Inspiración
19 julio, 2021 | Por María Eugenia Sidoti
Esos nobles intentos que nos salieron mal
Si alguna vez tuviste la buena intención de hacer algo para mejorar un poquito tu vida o darles felicidad a otros, pero tus planes fallaron rotundamente, te damos la bienvenida al vasto universo de los "mete pata". ¡Sumá tu relato a estas historias!

Foto: Pexels.
Era una mañana de sol y ella había decidido que era tiempo de preparar el primer pan casero de su vida para compartirlo en familia. Todo le parecía hermoso: la masa levaba al abrigo del resplandor que se colaba, tibio, por el ventanal, mientras que el aroma sutil de esa mezcla en movimiento era la promesa de una merienda saludable y hogareña, ideal para un día de invierno. La receta iba bien y era una tentación, de tanto en tanto, espiar la burbujeante preparación. Ah. ¿Qué podía fallar? Así que cuando el recipiente –tapado con un trapo limpio– cayó desparramando todo su contenido pegajoso por el piso de parquet, luego de que su pequeño hijo de 9 años se sentó, distraído, sobre él, dicen que la autora de esta nota perdió la compostura. Que gritó, pataleó y hasta le desconectó la Play Station al niño quien, encogiéndose de hombros, solo atinó a preguntar: “¿Y tanto lío por un pan?”. Así son las cosas: un día uno decide que por fin hará algo con las mejores intenciones del mundo y el sueño se desmorona rápidamente, como un castillo de cartas al viento. ¿A quién no le pasó, por más bienintencionado que haya sido el motor que lo llevó a intentarlo?

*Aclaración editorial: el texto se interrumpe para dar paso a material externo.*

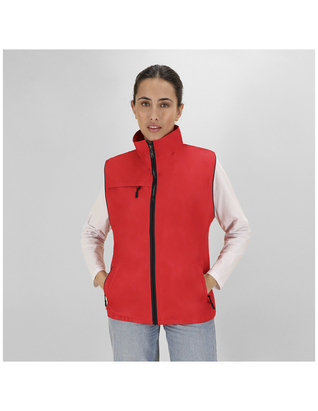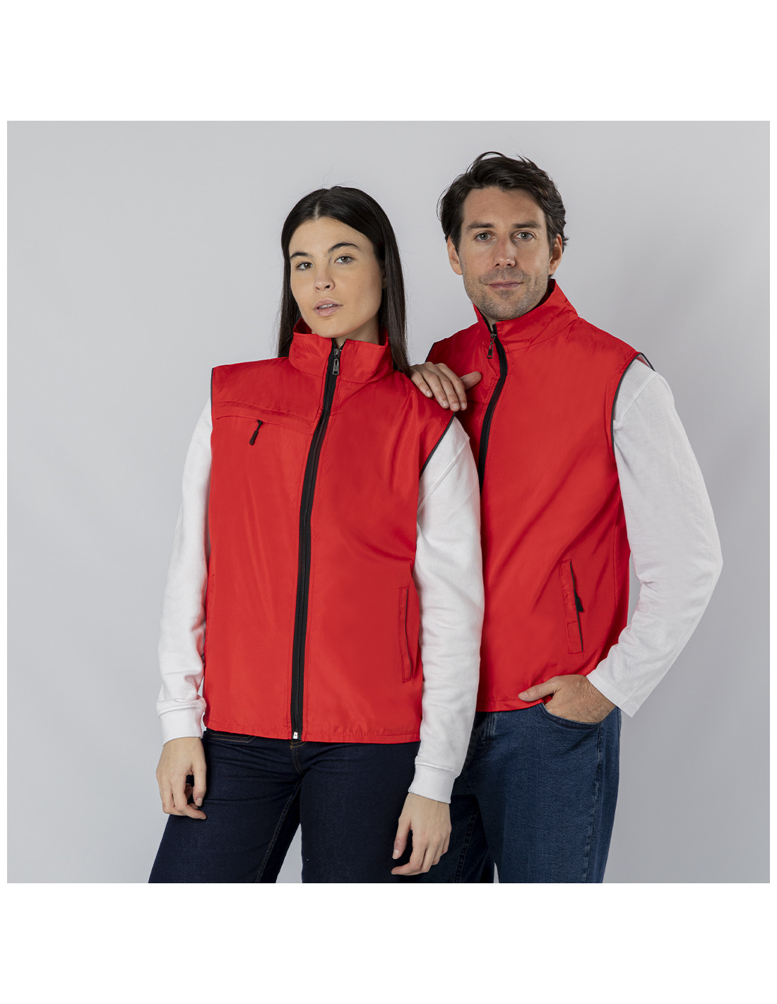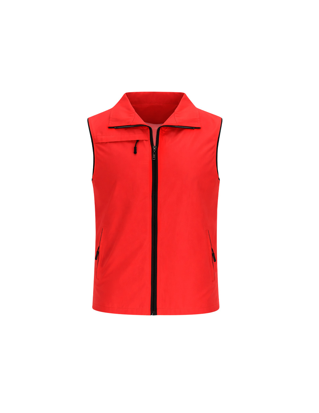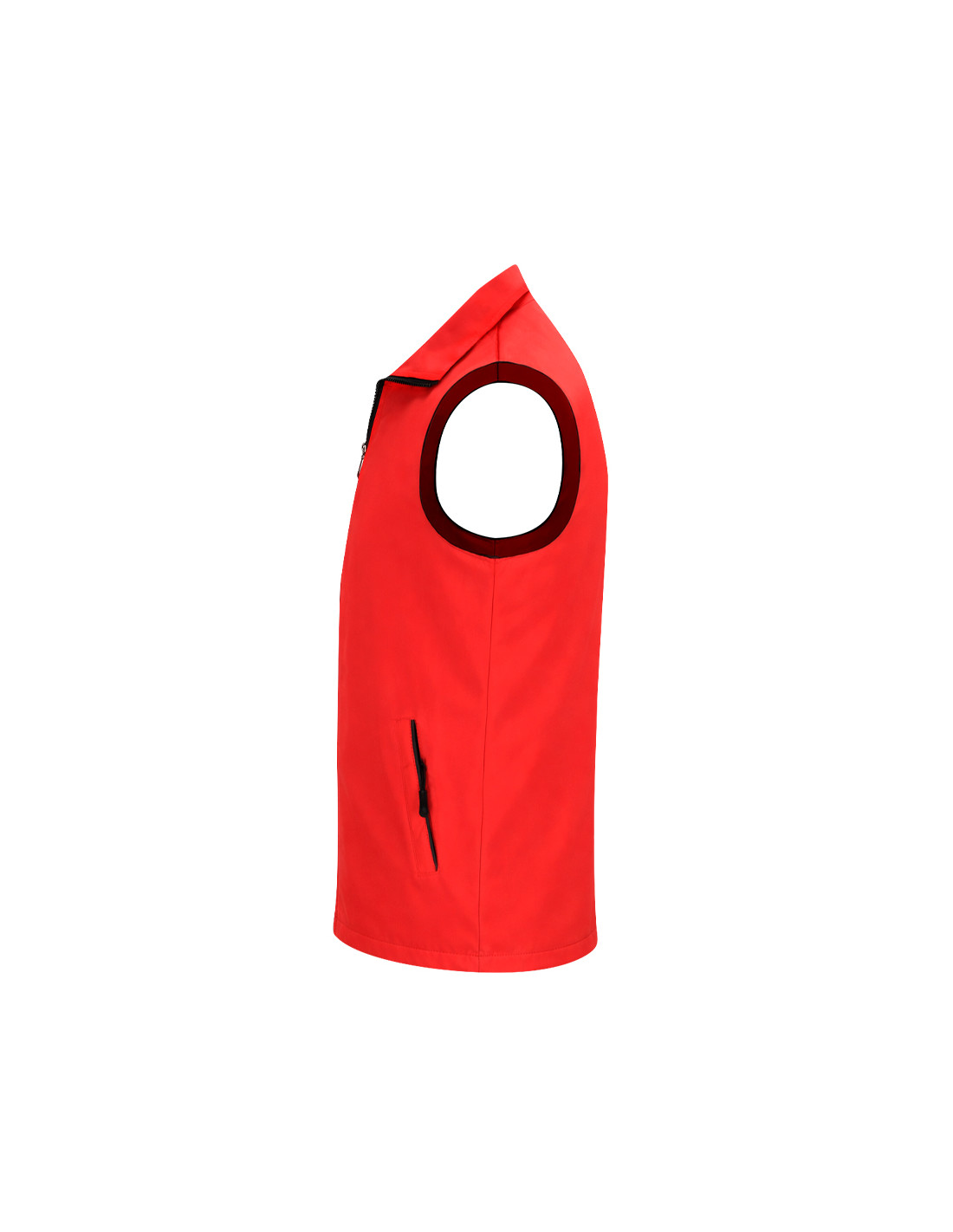 Chaleco Unisex de tejido ligero y transpirable con interior confeccionado en tejido de malla blanco. Con cremallera frontal negra y tirador plateado. Incluye un bolsillo exterior en el pecho derecho y dos bolsillos laterales con cremalleras y tiradores en color negro. Cuenta con media luna en el interior del cuello.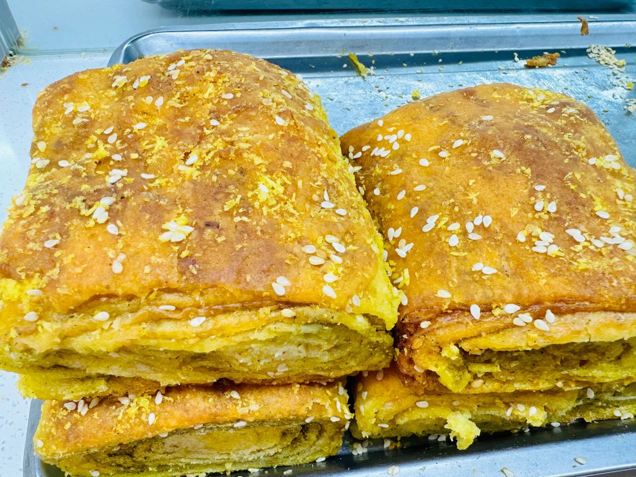 鍋盔則彰顯著力量與耐心。面團(tuán)經(jīng)過(guò)反復(fù)多次大力地揉壓,直到堅(jiān)韌而有彈性。接著,將面團(tuán)搟成大大的圓餅,厚度可觀。在特制的爐中慢慢烤制,使其外皮變得金黃硬實(shí),而內(nèi)部依舊保持著柔韌。咬一口,是滿滿的厚實(shí)感。麥香在咀嚼中愈發(fā)濃郁,就像西北大地般質(zhì)樸醇厚。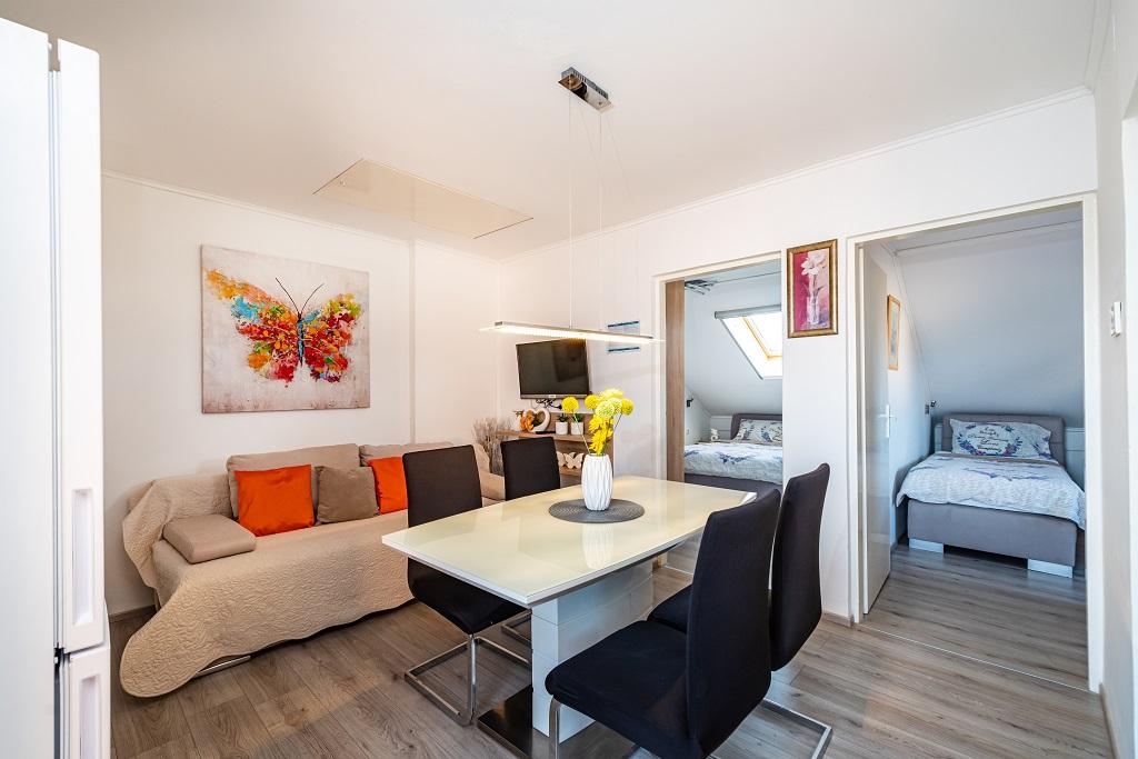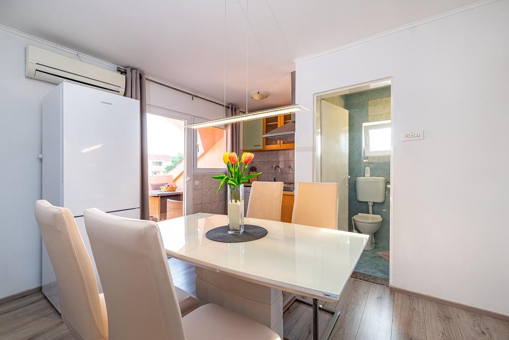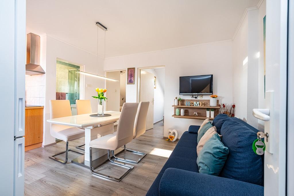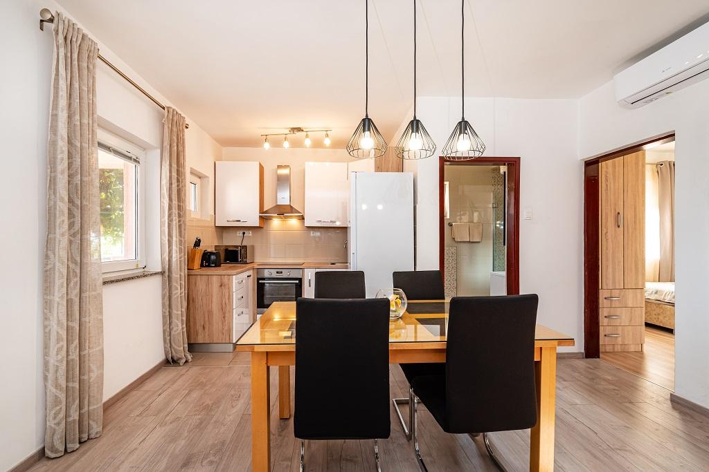 Наши современные апартаменты расположены в Нине, прибрежном городе в южной части Нинского залива на полуострове Ждрияц, в 17 км к северу от Задара. Это старейший королевский город в Хорватии, расположенный недалеко от знаменитого песчаного пляжа Ждрияц. Нин – это не только исторический город. Вместе со своими окрестностями он также предоставляет благоприятные условия для отдыха и развлечений. Вокруг Нина расположены несколько длинных песчаных лагун с песчаными пляжами, вдали от толп туристов, и промышленная зона с отличным микроклиматом. Апартаменты расположены в красивом и очень тихом районе, менее чем в пяти минутах ходьбы от пляжа и Адриатического моря. Дом двухэтажный. Хозяева живут на первом этаже, две квартиры – на втором, и две – на третьем. Дом отдельно стоящий, участок огорожен, поэтому он очень подходит для детей. Также имеется парковка на пять автомобилей и барбекю в саду. Апартаменты не приспособлены для инвалидных колясок. Доступен беспроводной интернет. Пляж и море находятся всего в 100 метрах от апартаментов, а другие объекты инфраструктуры — в 600 метрах.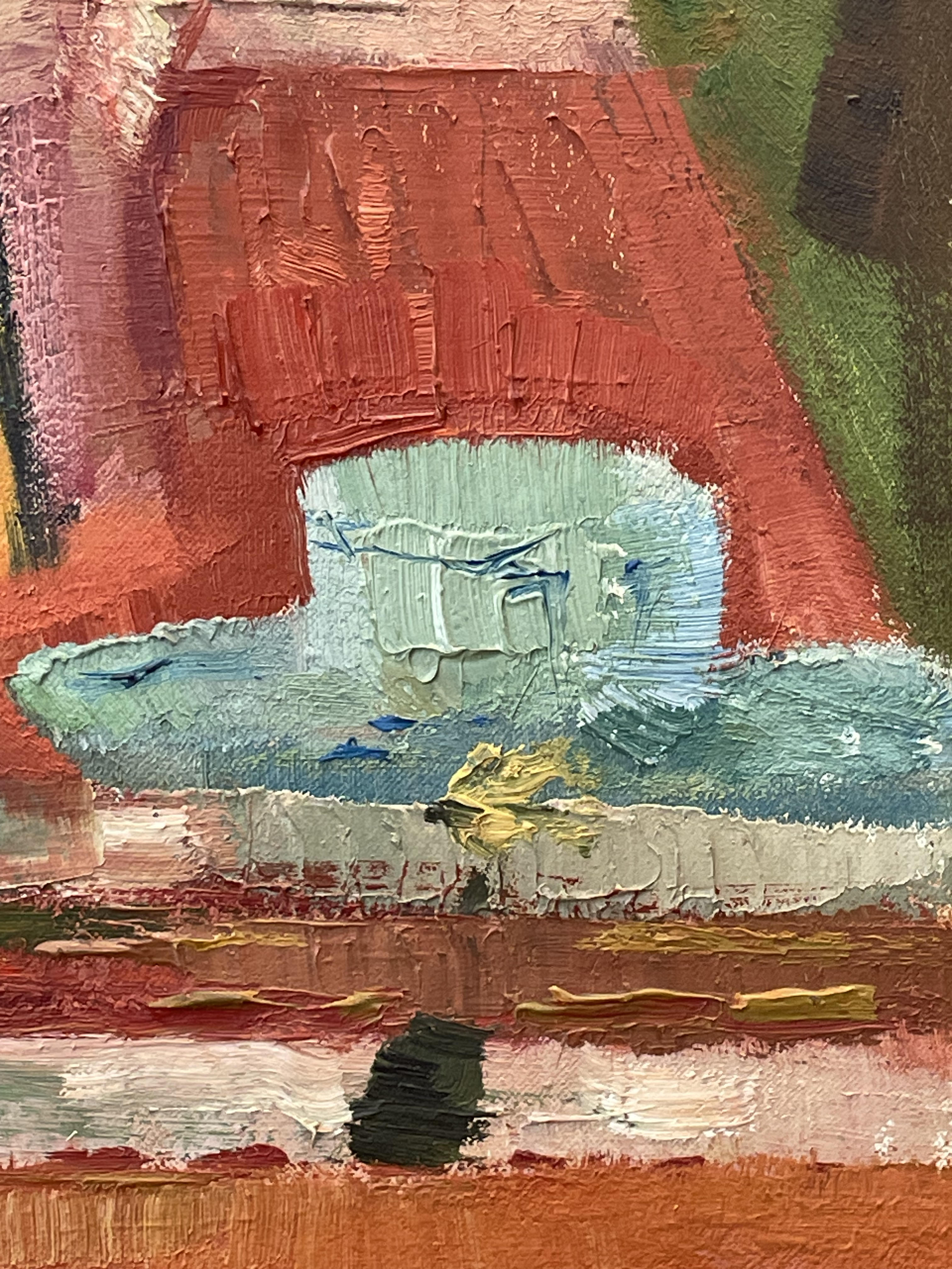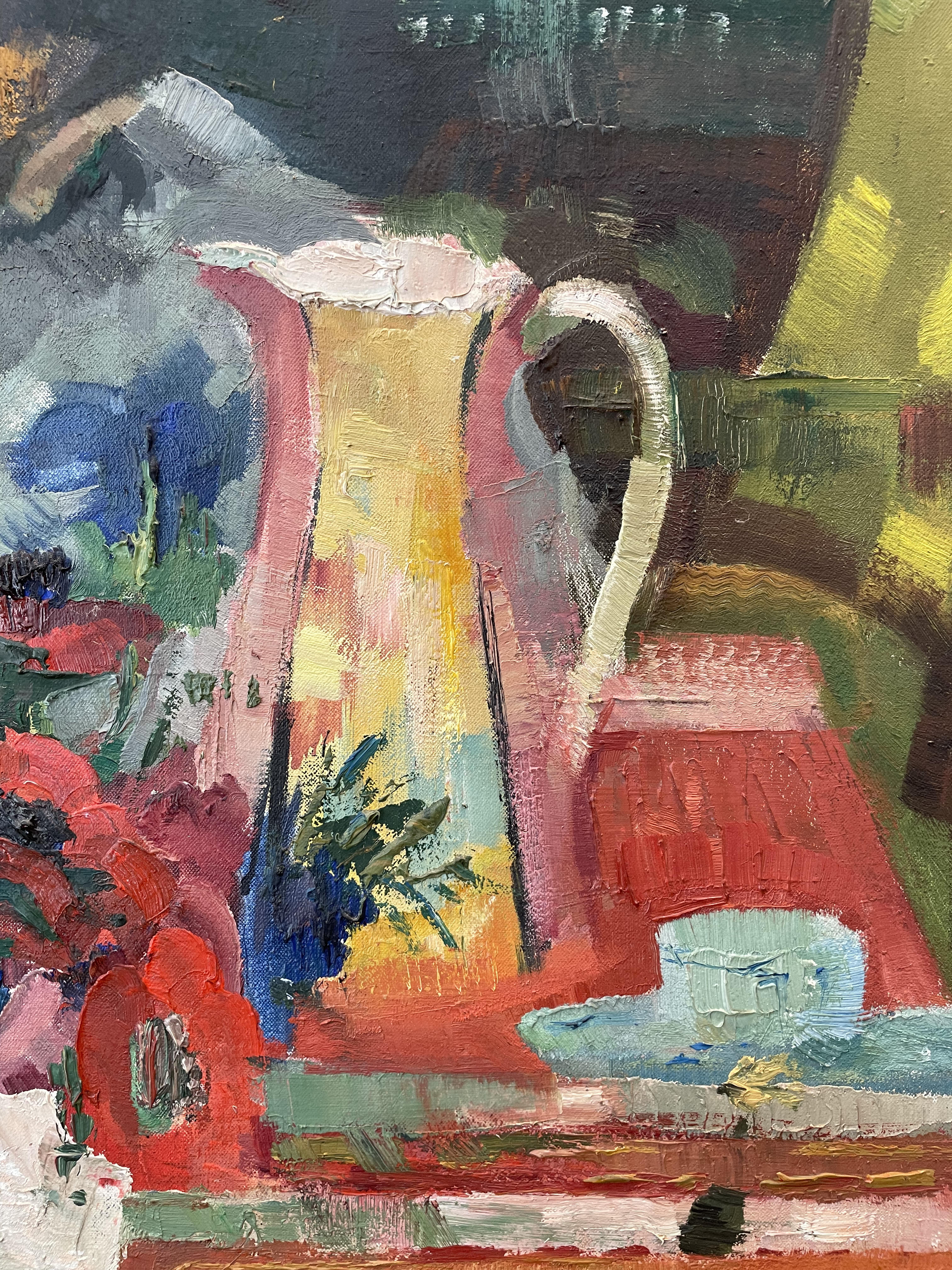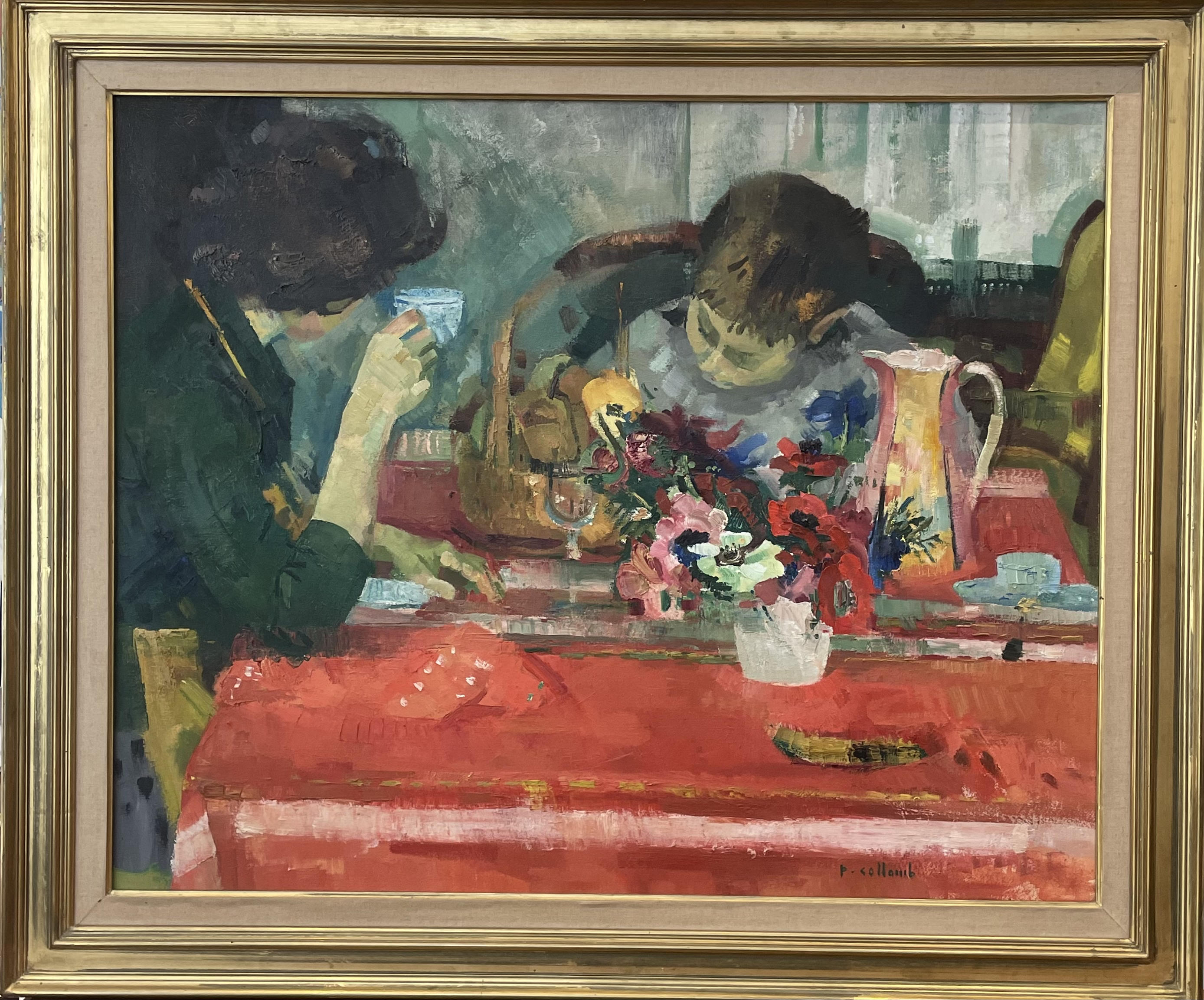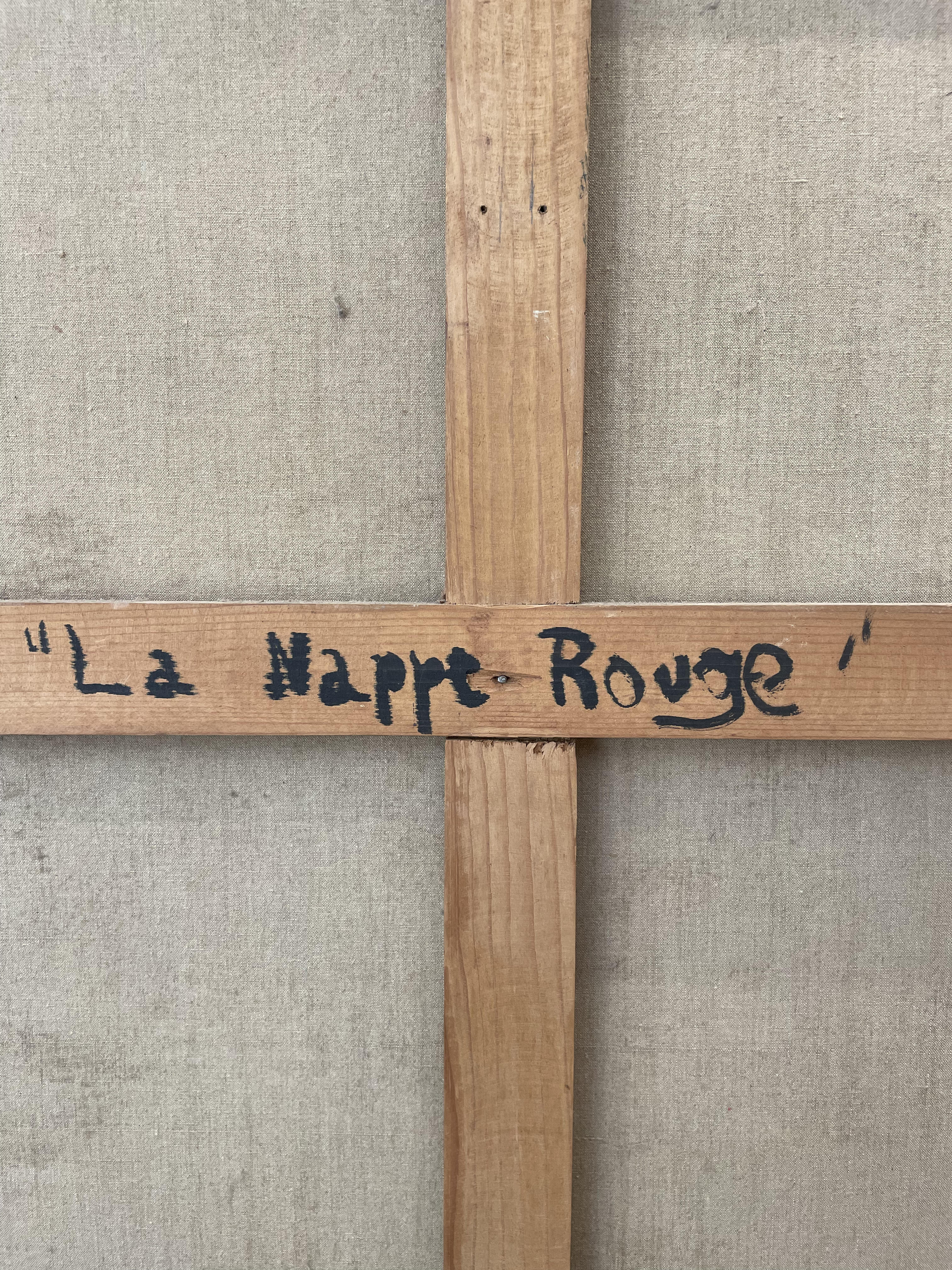 La nappe rouge huile sur toile signée et litrée au dos

Pues, bien, he aquí el relato de otros héroes anónimos de nobles causas perdidas:

Foto: Pxfuel.
Carolina y su intento de compost
Cuando todavía vivía con su madre tenía un enorme jardín y en un rincón alejado de la casa había un pozo donde solía funcionar la bomba de una pileta antigua que ya no estaba. Como se encontraba oculto, en ese hueco tiraban los restos de la poda, el pasto que cortaban, cáscaras de huevo y de frutas… «Al aire libre, esos deshechos se compostaban solos y después se convertían en tierra», recuerda Carolina, que tiempo más tarde se mudó sola a un departamento. Como aquella experiencia quedó en su memoria y siempre había estado interesada en cuestiones ambientales, decidió repetirla en su balcón para compostar sus residuos orgánicos y comenzó a tirar lo mismo que desechaban con su madre en el parque en una maceta grande. «Pero a la maceta no le daban ni la lluvia ni el sol, es decir que las buenas condiciones para lograr un compost no estaban dadas», señala Carolina, quien reconoce que tampoco sabía del todo bien qué debía tirar allí… y qué no. Al poco tiempo, un día de lluvia, vio que de la maceta salían unos extraños insectos en fila que no parecían hormigas ni arañas y a los cuales no se le veían siquiera algunos pares de patas o antenas. «Caminaban tipo ejército hacia el balcón de la vecina y me empecé a desesperar porque no había manera de pararlos», describe. Solo salían los días de lluvia y era imposible detener su avance, señala y agradece que, por suerte, la vecina nunca se quejó del desagradable suceso. Tiempo más tarde, en un curso de jardinería, comprendió que el error fue no haber removido el compost correctamente y supo por fin cuál era el nombre de aquellos bichos: larvas de moscas soldado.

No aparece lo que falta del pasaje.